I have a java class that parses an xml file, and writes its content to MySQL. Everything works fine, but the problem is when the xml file contains invalid unicode characters, an exception is thrown and the program stops parsing the file.
My provider sends this xml file on a daily basis with a list of products with its price, quantity etc. and I have no control over this, so invalid characters will always be there.
All I'm trying to do is to catch these errors, ignore them and continue parsing the rest of the xml file.
I've added a try-catch statements on the startElement
, endElement
and characters
methods of the SAXHandler class, however, they don't catch any exception and the execution stops whenever the parser finds an invalid character.

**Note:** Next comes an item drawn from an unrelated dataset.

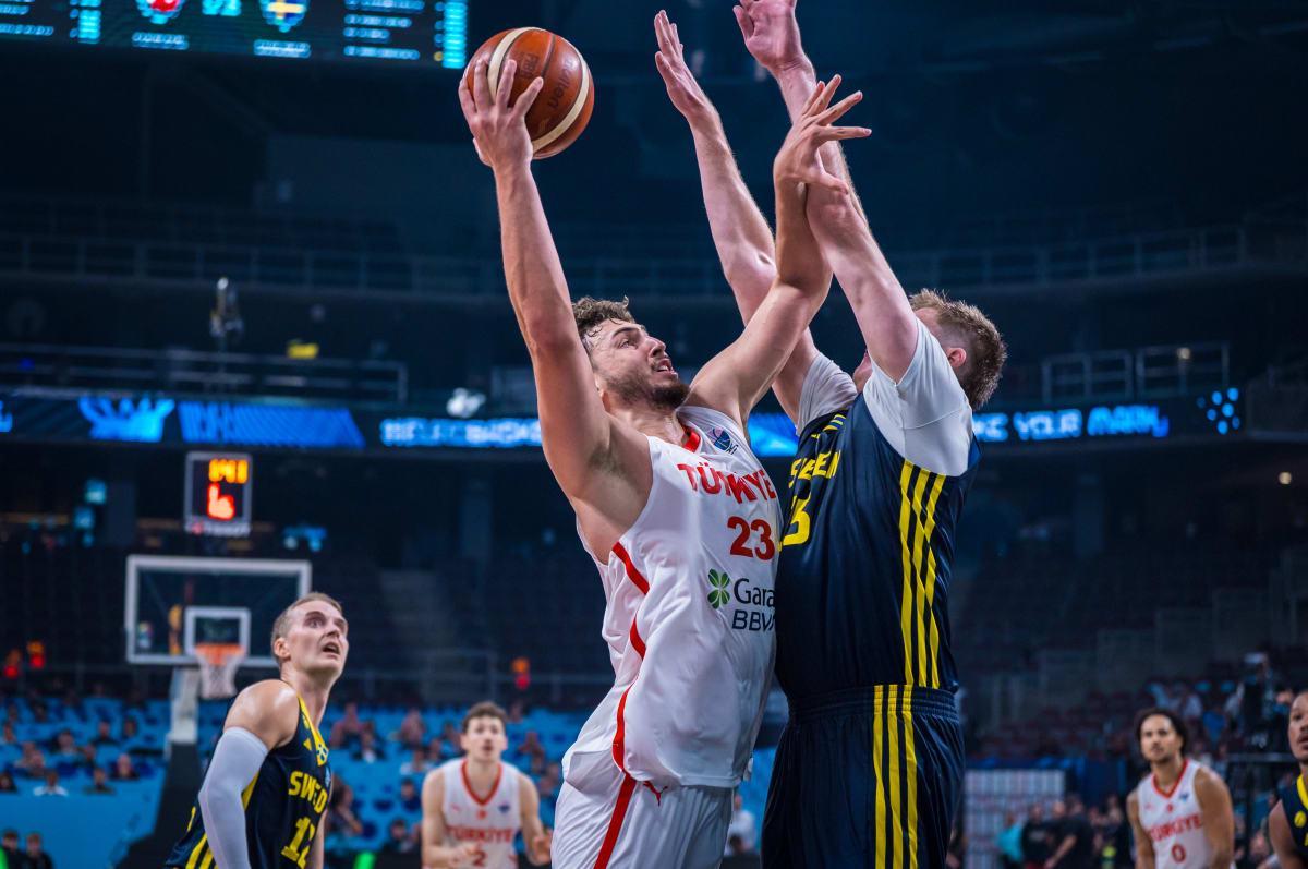 本场比赛中,土耳其队的内线支柱阿尔佩伦-申京(Alperen Sengun)又一次打出了极其精彩的表现。申京全场出场35分12秒,投篮16中8,三分线外1中0,罚球12中8,拿下了全场最高分24分外加16篮板6助攻2盖帽的两双数据,其中还包括了9个前场篮板,还有2次失误和4次犯规,正负值为0。申京在进攻端不断抢下前场篮板,不断给对手内线制造威胁,并且得到了大量的分数,他也依然是展现出了相当不错的传球能力和策应能力,他在防守端也是能够起到内线防守方面的作用。最关键的是,在上半场比赛表现不佳的情况下,申京在下半场比赛中及时调整了自己的状态并且在下半场比赛中大杀四方。申京的一系列出色表现也是帮助球队稳住了局面并且为这场胜利做出了巨大的贡献。

It seems that I can only catch these exceptions from the function who calls the parser:
try {
myIS = new FileInputStream(xmlFilePath);
parser.parse(myIS, handler);
retValue = true;
} catch(SAXParseException err) {
System.out.println("SAXParseException " + err);
}
However, that's useless in my case, even if the exception tells me where the invalid character is, the execution stops, so the list of products is far from being complete. This list has about 8,000 products and only a couple of invalid characters, however, if the invalid character is in the first 100 products, then all the 7,900 products are not updated in the database. I've also noticed that the endDocument
method is not called if an exception occurs.
Somebody asked the same question here some years ago, but didn't get any solution.
I'd really appreciate any ideas or workarounds for this.
Data Sample (as requested):
<Producto>
<Brand>
<Description>Epson</Description>
<ManufacturerId>eps</ManufacturerId>
<BrandId>eps</BrandId>
</Brand>
<New>false</New>
<OnSale>null</OnSale>
<Type>Physical</Type>
<Description>Epson TM T88V - Impresora de recibos - línea térmica - rollo 8 cm - hasta 300 mm/segundo - paralelo, USB</Description>
<Category>
<CategoryId>pos</CategoryId>
<Description>Puntos de Venta</Description>
<Subcategories>
<CategoryId>pos.printer</CategoryId>
<Description>Impresoras para Recibos</Description>
</Subcategories>
</Category>
<InStock>0</InStock>
<Price>
<UnitPrice>4865.6042</UnitPrice>
<CurrencyId>MXN</CurrencyId>
</Price>
<Manufacturer>
<Description>Epson</Description>
<ManufacturerId>eps</ManufacturerId>
</Manufacturer>
<Mpn>C31CA85814</Mpn>
<Sku>PT910EPS27</Sku>
<CompilationDate>2020-02-25T12:30:14.6607135Z</CompilationDate>
</Producto>